(RECORD EXTRACTS begins)

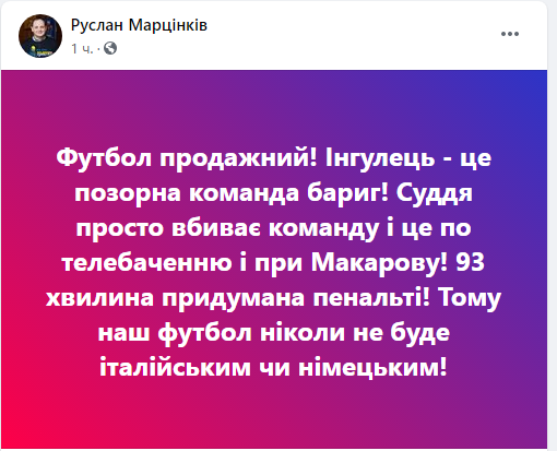 «Футбол продажный. «Ингулец» – позорная команда барыг. Судья просто убивает команду, и это по телевидению и при Макарове. 93-я минута – придуманный пенальти. Поэтому наш футбол никогда не будет итальянским или немецким», – написал Марцинкив в Facebook.
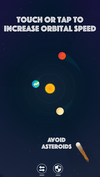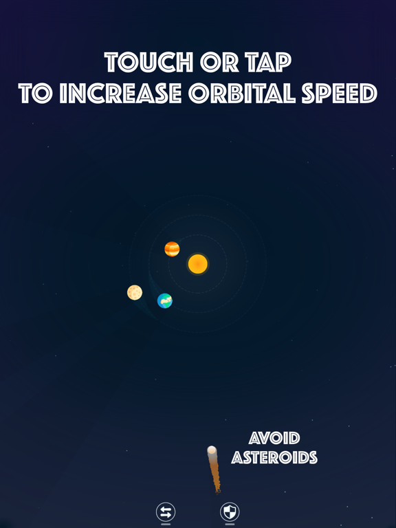 • Simple Controls: touch or tap to increase the speed that your planets orbit the sun, strategically dodging incoming asteroids.
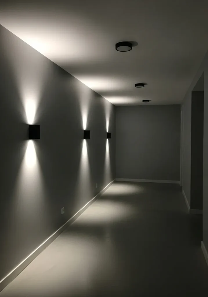This hallway uses a darker gray paired with modern wall lighting to create a clean and contemporary look. The lighting adds depth and prevents the gray from feeling flat, while the smooth flooring keeps the space feeling open and uncluttered.
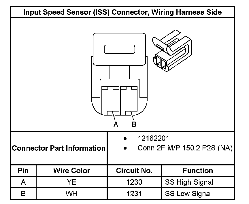 Input Speed Sensor (Iss) Connector, Wiring Harness Side:
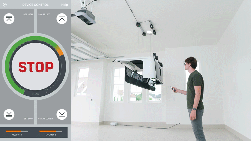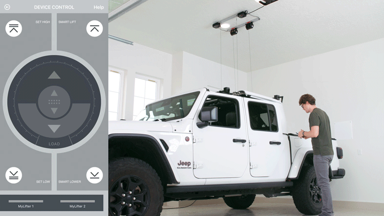 The MyLifter app’s “Smart Points" feature allows you to create raised and lowered limits for your hard top. A single button press on the app automatically moves the item to the selected limit.
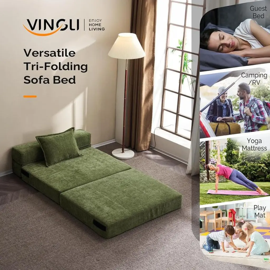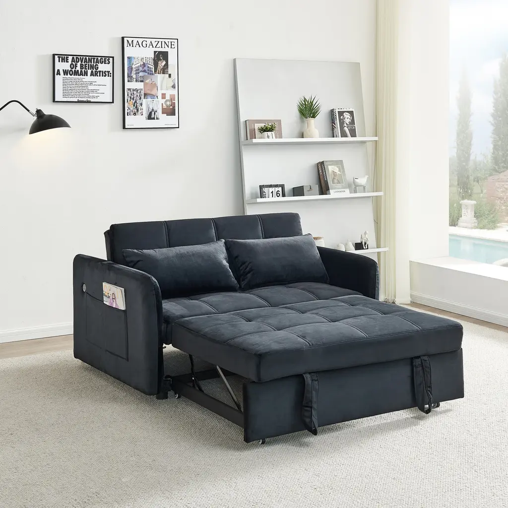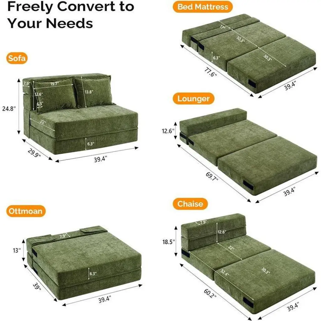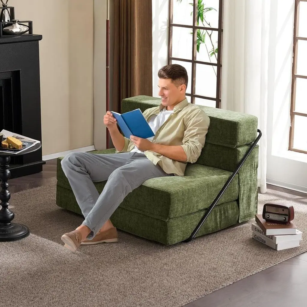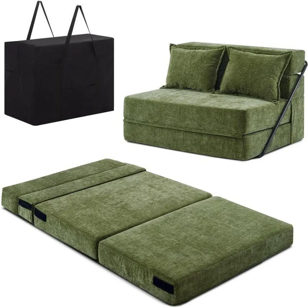 This sofa bed comes with a metal frame, enabling the sleeper bed to be used freely and independently in any setting without requiring support against a wall. Can be used in both indoor and outdoor like an outdoor movie or camping
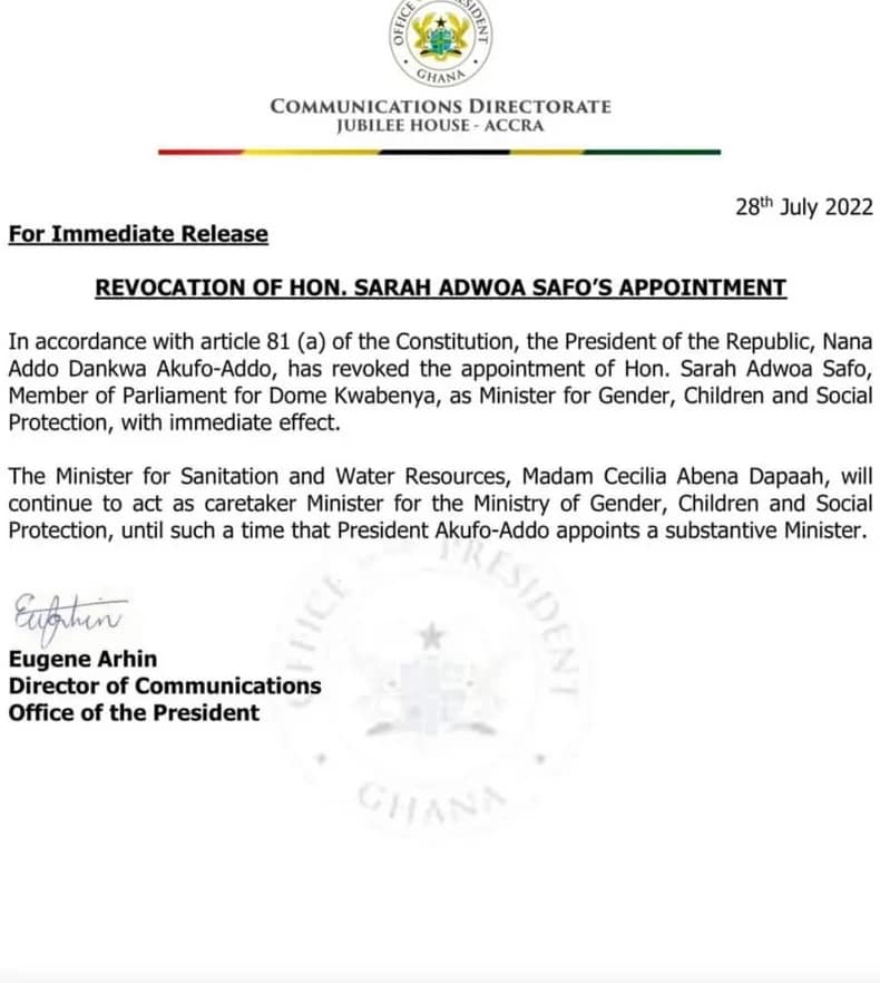The President has revoked Adowa Safo’s appointment letter with immediate effect as sighted by the letter signed by the Director of Communications at the office of the President.

(RECORD EXTRACTS ends)

Transcribe, word for word, only the material from its opening line through the line containing "This sofa bed", both ends included, and omit the pictures.

▸ **TASK ANSWER**
 «Футбол продажный. «Ингулец» – позорная команда барыг. Судья просто убивает команду, и это по телевидению и при Макарове. 93-я минута – придуманный пенальти. Поэтому наш футбол никогда не будет итальянским или немецким», – написал Марцинкив в Facebook.
 • Simple Controls: touch or tap to increase the speed that your planets orbit the sun, strategically dodging incoming asteroids.
This hallway uses a darker gray paired with modern wall lighting to create a clean and contemporary look. The lighting adds depth and prevents the gray from feeling flat, while the smooth flooring keeps the space feeling open and uncluttered.
 Input Speed Sensor (Iss) Connector, Wiring Harness Side:
 The MyLifter app’s “Smart Points" feature allows you to create raised and lowered limits for your hard top. A single button press on the app automatically moves the item to the selected limit.
 This sofa bed comes with a metal frame, enabling the sleeper bed to be used freely and independently in any setting without requiring support against a wall. Can be used in both indoor and outdoor like an outdoor movie or camping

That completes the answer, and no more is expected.